◆ **ACTION ITEM**
Look below for the line containing "neck for glow."; from there through the line containing "金老师是中科院心理健康指导师", both lines included, please set down each line exactly and nothing else.

(Collection entries)
**********

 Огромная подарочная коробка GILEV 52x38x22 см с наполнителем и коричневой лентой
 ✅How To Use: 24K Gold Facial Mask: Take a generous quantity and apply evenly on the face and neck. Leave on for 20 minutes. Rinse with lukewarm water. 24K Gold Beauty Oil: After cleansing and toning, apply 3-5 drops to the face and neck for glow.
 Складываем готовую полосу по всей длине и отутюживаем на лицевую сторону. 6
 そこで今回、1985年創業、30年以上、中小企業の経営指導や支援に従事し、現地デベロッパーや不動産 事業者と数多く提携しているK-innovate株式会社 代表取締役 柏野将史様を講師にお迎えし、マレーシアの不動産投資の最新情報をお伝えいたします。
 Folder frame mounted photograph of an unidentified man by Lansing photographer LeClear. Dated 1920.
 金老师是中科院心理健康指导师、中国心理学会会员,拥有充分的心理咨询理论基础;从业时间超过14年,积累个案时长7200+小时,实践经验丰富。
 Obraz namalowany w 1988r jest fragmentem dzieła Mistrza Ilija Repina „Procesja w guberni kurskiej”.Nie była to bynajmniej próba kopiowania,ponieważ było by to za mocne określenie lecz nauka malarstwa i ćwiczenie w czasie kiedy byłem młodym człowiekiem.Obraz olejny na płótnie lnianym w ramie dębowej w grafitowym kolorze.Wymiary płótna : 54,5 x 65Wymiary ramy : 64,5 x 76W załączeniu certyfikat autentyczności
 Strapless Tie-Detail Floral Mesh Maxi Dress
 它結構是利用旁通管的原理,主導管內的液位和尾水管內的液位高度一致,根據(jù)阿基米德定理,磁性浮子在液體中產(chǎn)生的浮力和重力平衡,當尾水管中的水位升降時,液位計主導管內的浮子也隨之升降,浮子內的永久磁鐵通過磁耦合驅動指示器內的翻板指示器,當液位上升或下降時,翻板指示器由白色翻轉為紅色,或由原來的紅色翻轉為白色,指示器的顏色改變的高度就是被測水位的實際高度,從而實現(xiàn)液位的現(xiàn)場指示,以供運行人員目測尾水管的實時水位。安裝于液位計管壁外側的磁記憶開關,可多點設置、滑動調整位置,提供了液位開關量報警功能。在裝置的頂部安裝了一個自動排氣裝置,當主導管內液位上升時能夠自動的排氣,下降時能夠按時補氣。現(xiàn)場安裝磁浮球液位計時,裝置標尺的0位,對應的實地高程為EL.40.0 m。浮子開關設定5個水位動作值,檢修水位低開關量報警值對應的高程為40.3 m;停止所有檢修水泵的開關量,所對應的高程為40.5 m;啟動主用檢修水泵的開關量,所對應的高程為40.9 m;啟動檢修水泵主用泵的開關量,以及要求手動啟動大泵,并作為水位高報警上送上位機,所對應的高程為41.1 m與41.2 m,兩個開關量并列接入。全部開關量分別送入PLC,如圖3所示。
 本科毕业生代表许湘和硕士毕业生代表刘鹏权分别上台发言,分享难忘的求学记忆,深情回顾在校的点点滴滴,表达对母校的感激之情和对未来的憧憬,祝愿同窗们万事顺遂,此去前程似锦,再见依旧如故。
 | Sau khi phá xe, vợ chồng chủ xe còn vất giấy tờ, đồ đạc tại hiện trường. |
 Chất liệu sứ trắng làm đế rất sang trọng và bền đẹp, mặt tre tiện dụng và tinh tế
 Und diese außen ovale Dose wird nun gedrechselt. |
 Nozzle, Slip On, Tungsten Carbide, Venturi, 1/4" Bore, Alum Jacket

**********

◆ **FINISHED TASK**
 ✅How To Use: 24K Gold Facial Mask: Take a generous quantity and apply evenly on the face and neck. Leave on for 20 minutes. Rinse with lukewarm water. 24K Gold Beauty Oil: After cleansing and toning, apply 3-5 drops to the face and neck for glow.
 Складываем готовую полосу по всей длине и отутюживаем на лицевую сторону. 6
 そこで今回、1985年創業、30年以上、中小企業の経営指導や支援に従事し、現地デベロッパーや不動産 事業者と数多く提携しているK-innovate株式会社 代表取締役 柏野将史様を講師にお迎えし、マレーシアの不動産投資の最新情報をお伝えいたします。
 Folder frame mounted photograph of an unidentified man by Lansing photographer LeClear. Dated 1920.
 金老师是中科院心理健康指导师、中国心理学会会员,拥有充分的心理咨询理论基础;从业时间超过14年,积累个案时长7200+小时,实践经验丰富。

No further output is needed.